Group cohesion in older adult exercisers: Prediction and intervention effects

Paul A. Estabrooks, Albert V. Carron

Research output: Contribution to journalArticle

100 Citations (Scopus)

Abstract

Two studies were conducted to examine the relationship between class cohesion and exercise adherence in older adult exercisers. Study 1 examined the predictive ability of four dimensions of cohesion on exercise participation at 1, 6, and 12 months following the initial assessment of cohesion. Study 2 examined the effectiveness of a team-building intervention, designed to enhance class cohesion (and based on Study 1 results), on improving exercise adherence and return rates. Participants were assigned to a team-building, placebo, or control condition. Study 1 showed that three measures of cohesion. Individual attractions to the group-social, Group integration-social, and Group integration-task, were all significantly related to exercise class attendance following a 1-month interval. Group integration-task was significantly related to class attendance following a 6- and a 12-month interval.

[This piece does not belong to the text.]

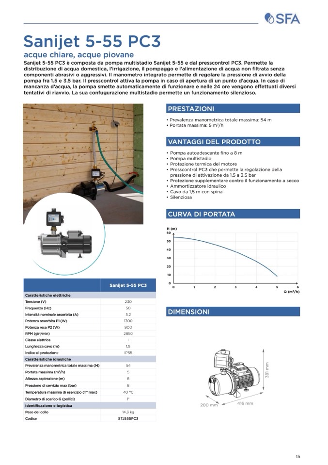 • Prevalenza manometrica totale massima: 54 m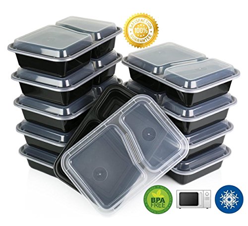 GREEN DIRECT (20 PACK) 2 COMPARTMENT MEAL PREP CONTAINER BENTO BOX WITH LID LEFTOVERS 21 DAY FIX PORTION CONTROL BLACK BOTTOM CLEAR COVER MICROWAVE SAFE GOOD FOR KIDS LUNCHBOXES SCHOOL LUNCH

Study 2 showed that participants in the team- building condition (a) attended more classes than the control and placebo conditions and (b) had a higher return rate following a 10-week hiatus than the control condition. It was concluded that (a) class cohesion plays a significant role in exercise class participation, both short- and long-term, and (b) samples of older adult exercisers are appropriate groups for interventions based on developing class cohesion.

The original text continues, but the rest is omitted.